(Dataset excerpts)
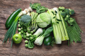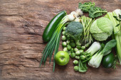 Zdjęcie "Widok z góry z świeżych sezonowych warzyw zielonych na drewnianym stole w kuchni" może być wykorzystywane do celów osobistych i komercyjnych zgodnie z warunkami zakupionej licencji Royalty-free. Obraz jest dostępny do pobrania w jakości wysokiej rozdzielczości do 5760x3840.
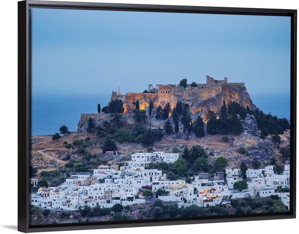 <p>View towards the Acropolis of Lindos at dusk, Rhodes Island, Dodecanese, Greek Islands, Greece, Europe</p>
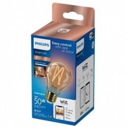 Bec LED RGB inteligent WiZ Connected Filament Clear G95, Wi-Fi, E27, 6.3W (40W), 470 lm, lumina alba si color (2200-6500K), compatibil Google Assistant/Alexa/Siri
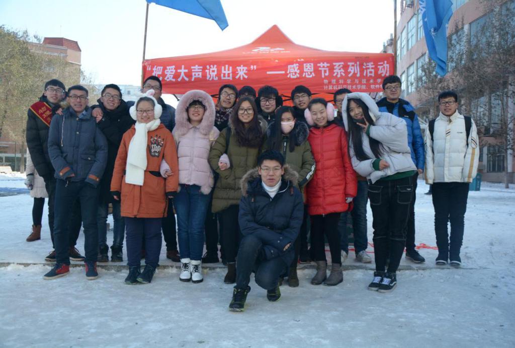 为了让在校老员工认识到感恩家人、朋友的重要性,让同学们在感恩节甚至以后每个平凡的的日子里都不忘给远方的亲人、朋友送去感谢和祝福,公司青年志愿者协会携手计算机科学软件公司青年志愿者协会于2016年11月23日星期三共同开展了大型感恩节系列活动--把爱大声说出来。参加此次感恩节活动的是公司青年志愿者协会和计算机科学软件公司青年志愿者协会的全体志愿者成员们。
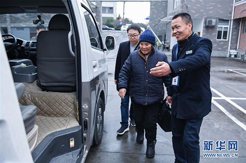 李耀進(右)在杭州市救助管理站送一名需要被救助的老人去車站乘車回家(2018年12月27日)。 新華社記者 徐昱 攝
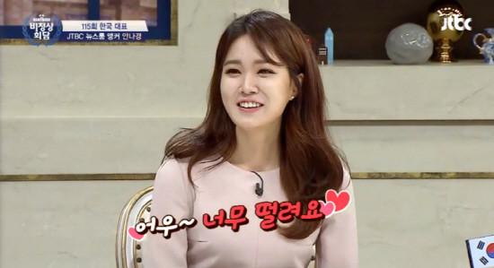 안나경은 12일 JTBC 예능프로그램 ‘비정상회담’에 출연했다. 특히 안나경은 “너무 떨려요 뉴스하는 것보다 백배는 더”라고 수줍게 말했다.
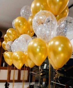 - این دسته شامل 10عددبادکنک(6عددبادکنک طلایی،4 عدد بادکنک صدفی فیلگری)میباشدکه باگاز هلیوم پرشده است.(شناور در هوا)
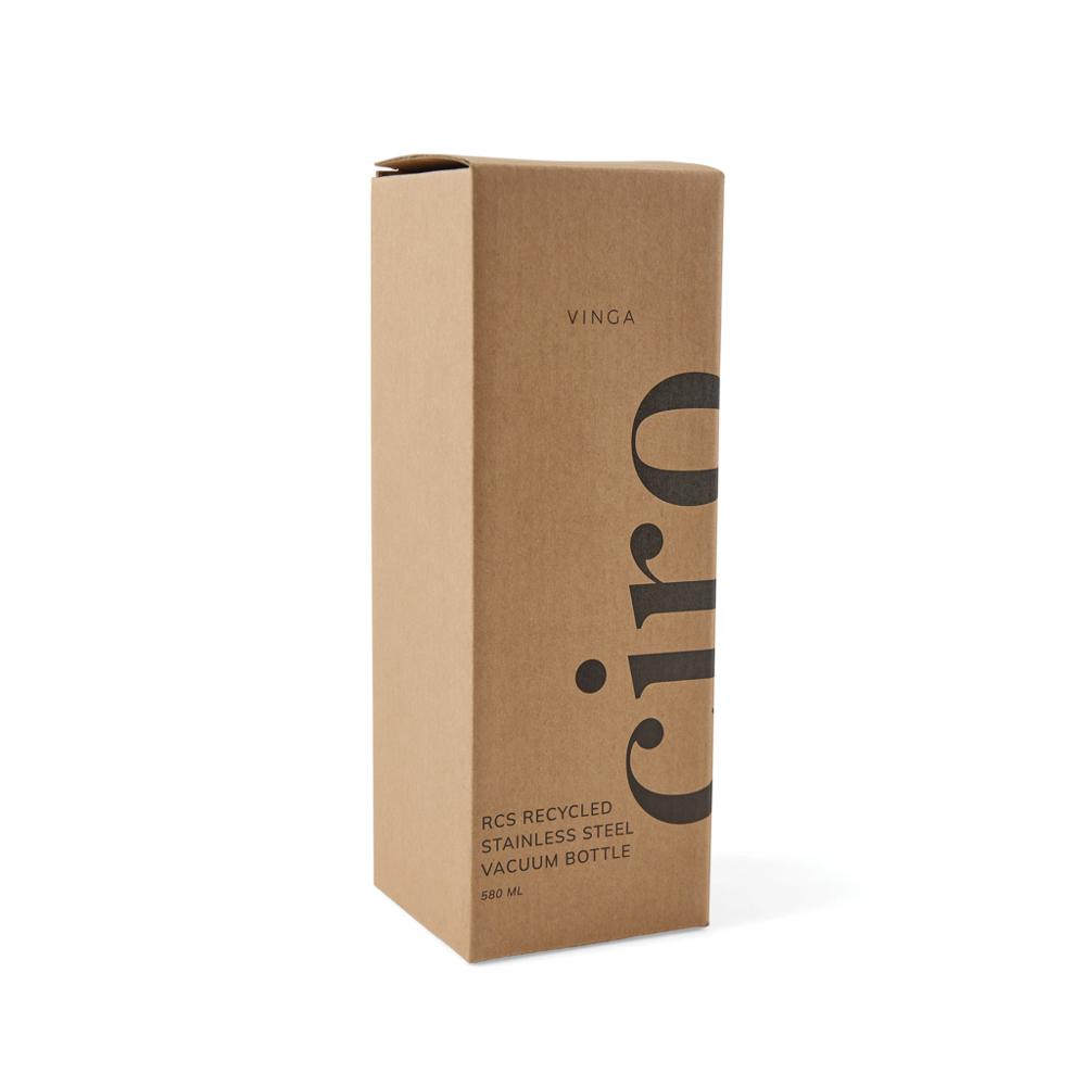 De Ciro RCS gerecycled RVS vacuümfles is een elegante en functioneel ontworpen thermosfles. De fles heeft een deksel van acaciahout met een metalen lus, waardoor de fles gemakkelijk mee te nemen is als je onderweg bent. Acaciahout is een organisch materiaal waarbij variaties in tint en kleur natuurlijke kenmerken zijn. De vacuümconstructie met dubbele wanden van gerecycled roestvrij staal zorgt ervoor dat de fles de temperatuur lang intact houdt, zowel voor warme als koude dranken. Gecertificeerd door RCS (Recycled Claim Standard), de RSC certificering garandeert dat de hele toeleveringsketen van de gerecyclede materialen gecertificeerd is. Het totale gerecyclede gehalte is gebaseerd op het totale productgewicht. Dit product bevat 76% RSC-gecertificeerd gerecycled roestvrij staal. De fles is gemakkelijk schoon te maken en mag alleen met de hand worden schoongemaakt. Inclusief FSC®-gecertificeerde kraftverpakking.
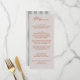 A colourful retro funky modern mist and light green and burnt orange hand written menu . And hand drawn light green pinstripes on the back . Perfect and matching with the whole suite. wedding dinner menu. Which features chic template design of boho vintage fall mist background and burnt orange typography.
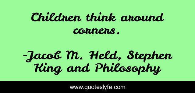 "Jacob M. Held, Stephen King and Philosophy Quotes." Quoteslyfe.com, 2025. Sat. 06 Dec. 2025. <https://www.quoteslyfe.com/quote/Children-think-around-corners-99632>.
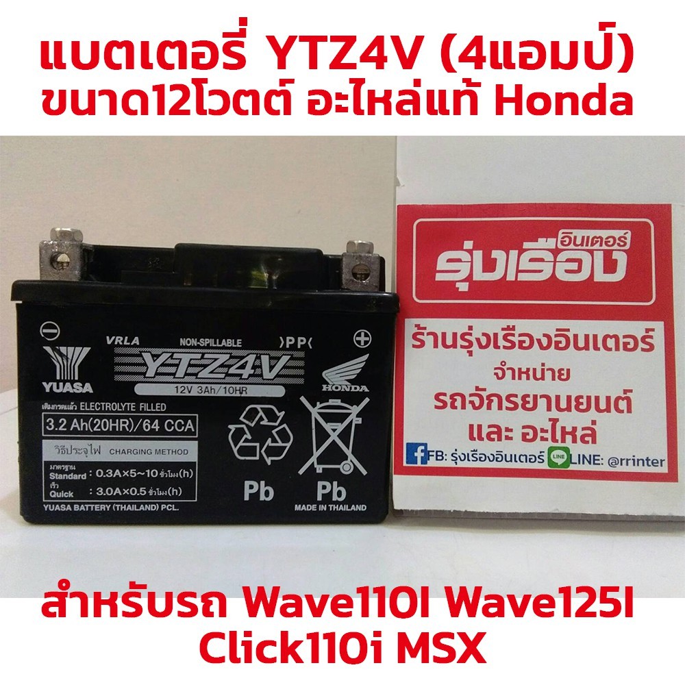 แบตเตอรี่ YTZ4V (4แอมป์) ขนาด12โวตต์ อะไหล่แท้ Honda รหัส 31500-KVB-T02
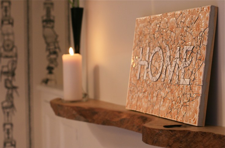The boys were in the middle of removing the kitchen units on the first day in our Exeter Half Built House when behind the old kitchen sink we found some old white and amber patterned cracked tiles. Whilst far from perfect for use in the scheme itself and also covered in filth and grout, I had a little idea of where they might come in useful….
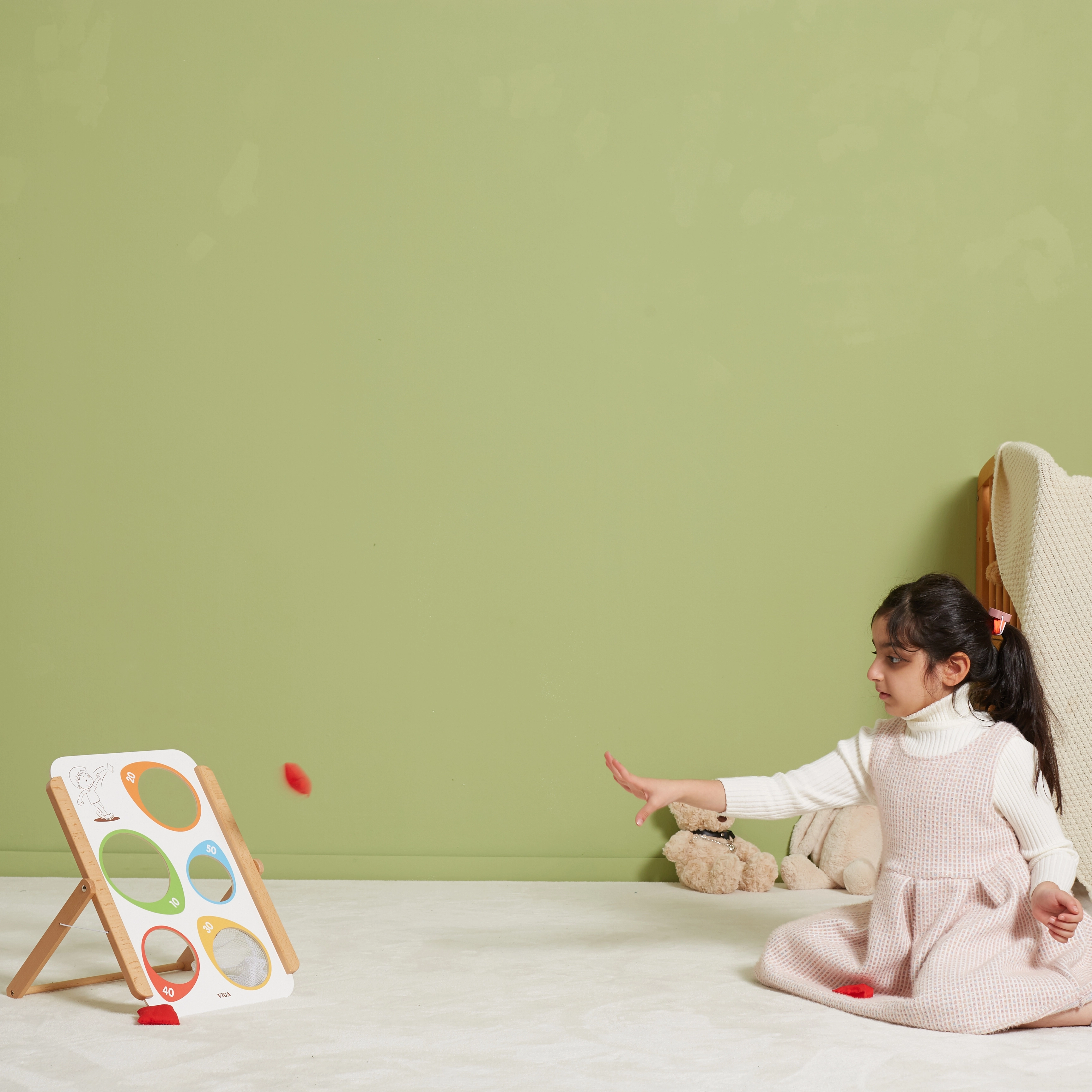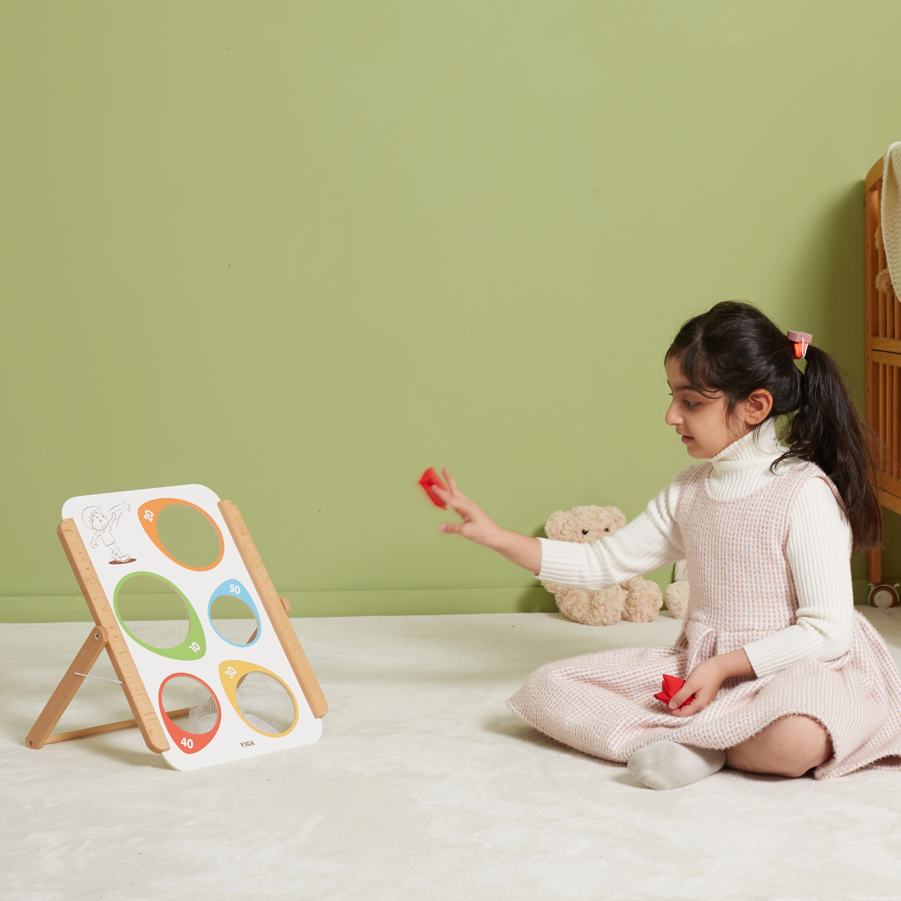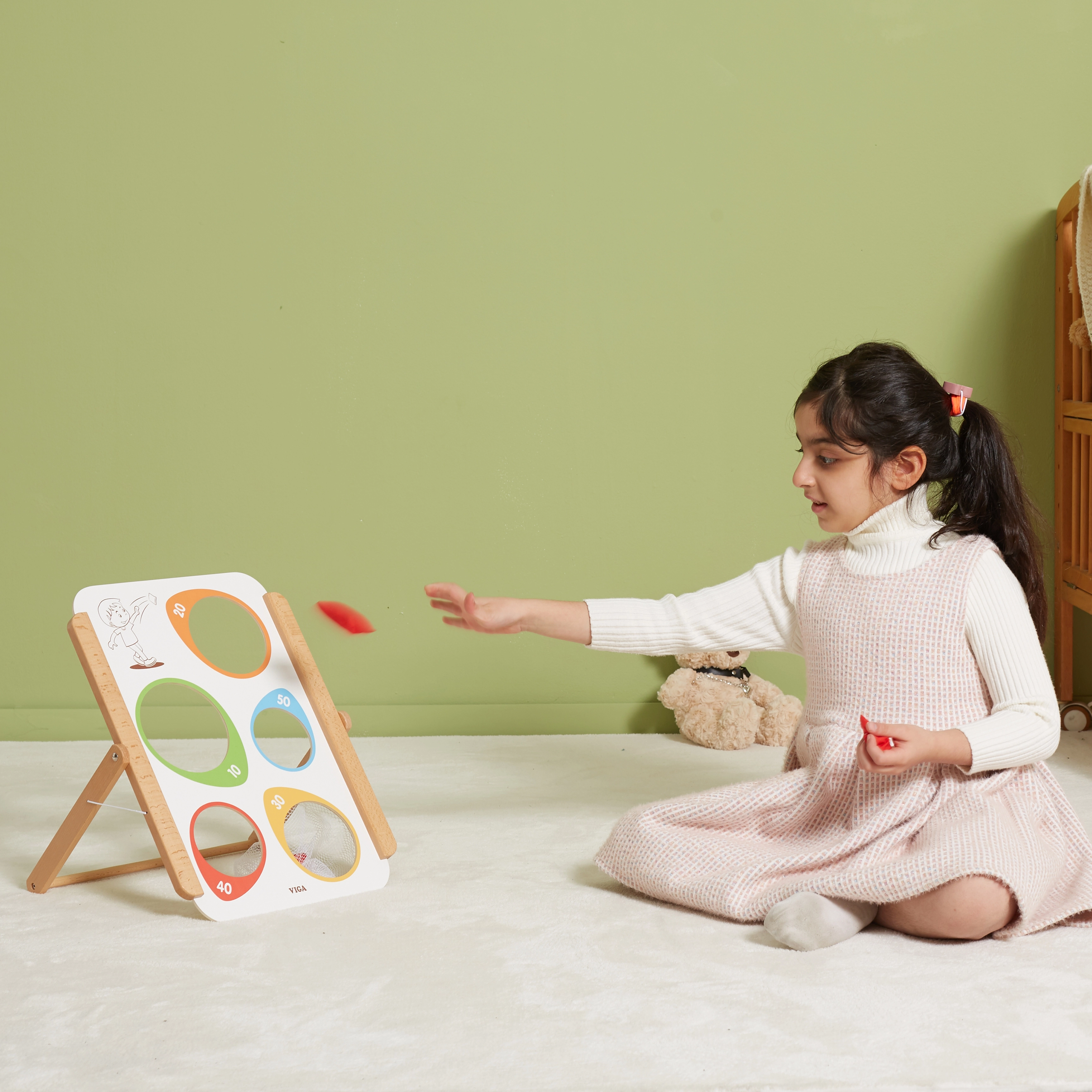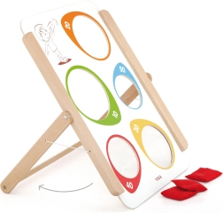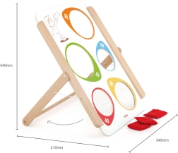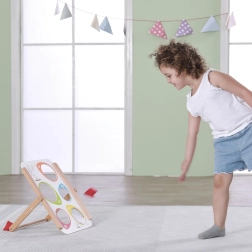 Viga puidust täpsusviskemäng pakub nii lõbu kui ka hariduslikku väärtust. Sobib ideaalselt nii koduseks kasutamiseks kui ka õuetegevusteks. Kogu mäng on valmistatud lakitud puidust ja värvitud mittetoksiliste värvidega, mis tagab pikaajalise mängurõõmu ilma terviseriskideta. Arendab suurepäraselt laste oskusi ning toetab motoorse koordinatsiooni ja kontsentratsiooni paranemist.

◆ About this exercise ◆
Only the lines from the beginning of the records through the line bearing "Bec LED RGB" belong in the answer, copied word for word with pictures left out.

◆ Response to the task ◆
 Zdjęcie "Widok z góry z świeżych sezonowych warzyw zielonych na drewnianym stole w kuchni" może być wykorzystywane do celów osobistych i komercyjnych zgodnie z warunkami zakupionej licencji Royalty-free. Obraz jest dostępny do pobrania w jakości wysokiej rozdzielczości do 5760x3840.
 <p>View towards the Acropolis of Lindos at dusk, Rhodes Island, Dodecanese, Greek Islands, Greece, Europe</p>
 Bec LED RGB inteligent WiZ Connected Filament Clear G95, Wi-Fi, E27, 6.3W (40W), 470 lm, lumina alba si color (2200-6500K), compatibil Google Assistant/Alexa/Siri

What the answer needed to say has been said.